He persevered in this for two years without seeing her. Instead, he met students and pages whom he had known as a child, who now kept him posted in regard to all affairs of the higher circles which he no longer frequented. From them he learned that Elena was still in France. Of course none of them suspected that at home Tito was a cobbler. All believed him to be the beneficiary of a legacy from the Count of Rionuevo, who had manifested too much affection for him in life, for them to suppose that he had neglected to provide for his future.
So time passed, and one feast day, on the date mentioned at the beginning of the chapter, he was waiting at the door of the cathedral. He saw two elegantly dressed ladies arrive with a grand retinue of servants, who passed so close to him, that in one of them he was able to recognize his bitter enemy, the Countess of Rionuevo. He was about to conceal himself in the crowd of spectators, when her companion raised her veil, and—oh happiness!—he recognized his beloved Elena, the sweet cause of his bitter sorrows. The poor boy approached her, uttering a frantic cry of joy.
Elena, recognizing him at once, exclaimed with the same tenderness as of old:
“Tito!”
But the Countess, grasping her arm, turned toward Tito, and said in a low voice, “I told you that I was satisfied with my present shoemaker. Leave me in peace!”

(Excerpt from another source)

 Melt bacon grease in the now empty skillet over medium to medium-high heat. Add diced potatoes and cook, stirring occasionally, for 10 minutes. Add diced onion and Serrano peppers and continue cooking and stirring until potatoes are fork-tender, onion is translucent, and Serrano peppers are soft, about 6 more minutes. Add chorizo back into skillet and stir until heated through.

Tito, turning deathly white, fell senseless to the stone floor, as Elena and the Countess entered the church.
Two or three students who had witnessed the scene, laughed uproariously, without thoroughly understanding it.

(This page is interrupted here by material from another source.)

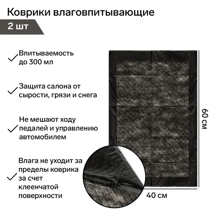 Одноразовый впитывающий коврик защитит салон автомобиля и вашу обувь от сырости, грязи, снега, противогололедных реагентов, следов нефтепродуктов. Суперабсорбирующий полимер (SAP) из Японии связывает более двух кружек жидкости в виде геля и блокирует неприятные запахи. Коврик не мешает ходу педалей и управлению автомобилем. Срок хранения: 5 лет.

He was carried home, there to suffer another blow; his old friend, who constituted his entire family, had died of old age during his absence. He was seized with an attack of brain fever which brought him to the very jaws of death. When he returned to consciousness, he found that a neighbor, poorer even than himself, had taken entire charge of him during his long illness; but had been obliged to sell his furniture, his tools, his books, his home, and even his holiday attire, to pay for his medicines and physician.

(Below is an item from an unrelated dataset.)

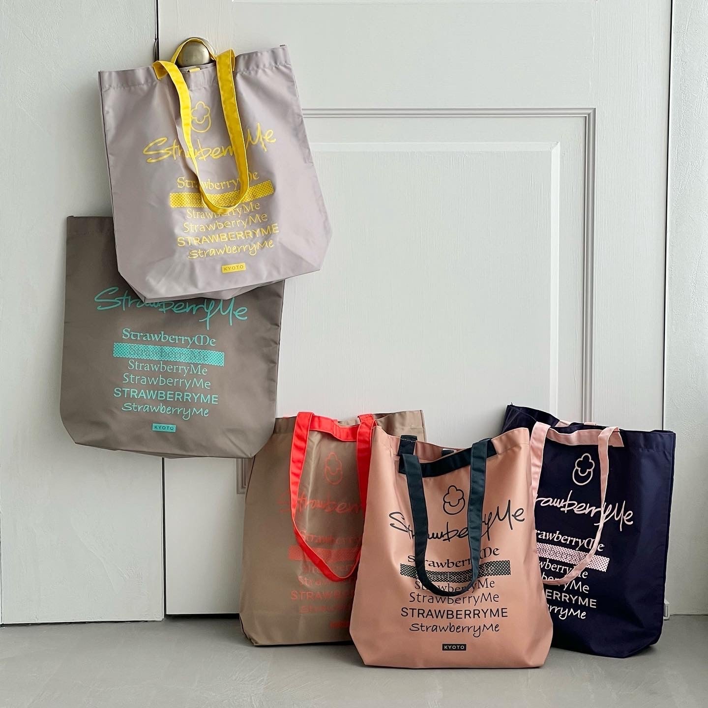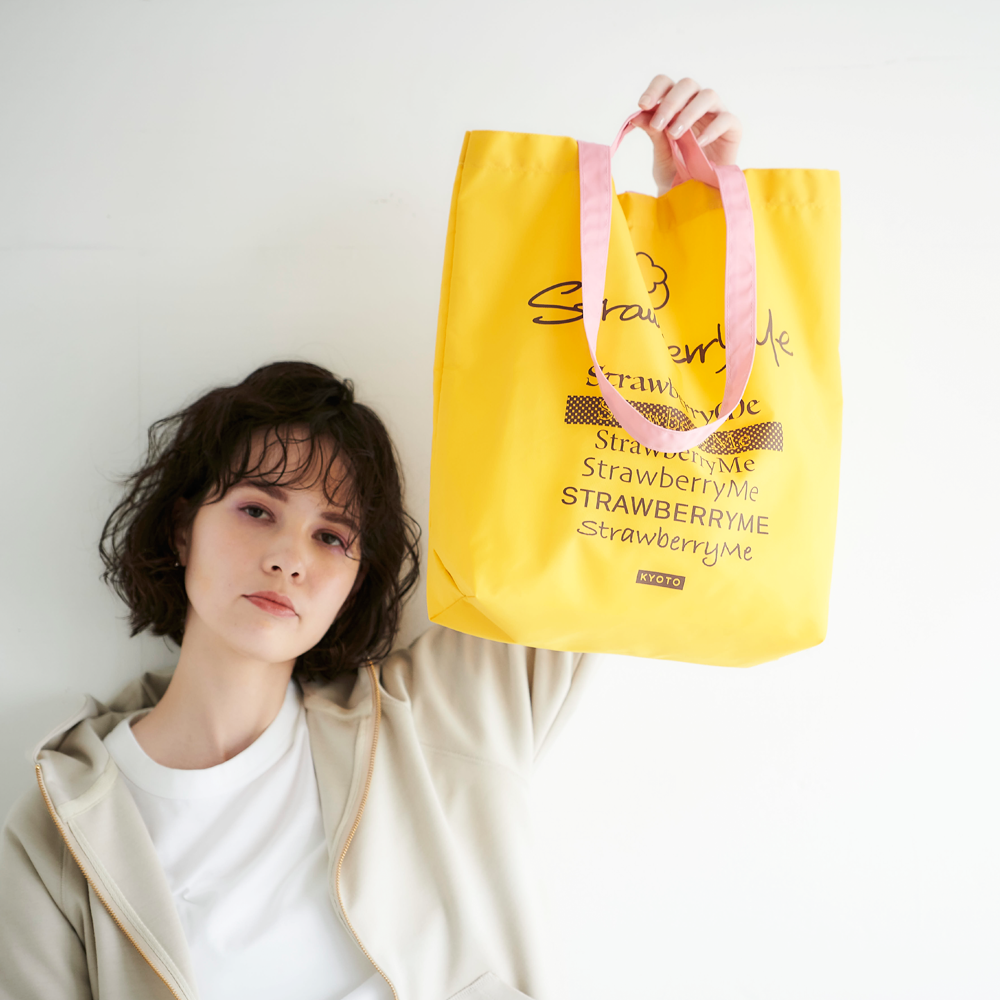 StrawberryMe(ストロベリーミー)(すとろべりーみー)のカラフルでポップな大容量A4エコバッグ『ICHIBA/イチバ』。(エコバッグ)(折りたたみ)(撥水性)(防水ナイロン)お買い物バッグに最適な防水ナイロンに、手持ち?肩がけができる2way仕様。(ショッピングバッグ)(ショルダーバッグ)(バイカラー)

At the end of two months, covered with rags, hungry, weakened by illness, penniless, and without family or friends, without even that old friend who had loved him as a mother, and, worse than all, without the hope of ever approaching his dreamed of and blessed Elena, Tito abandoned his home (already the property of another shoemaker), and took by chance the first road, without knowing where he was going, what to do, to whom to apply, how to work or how to live.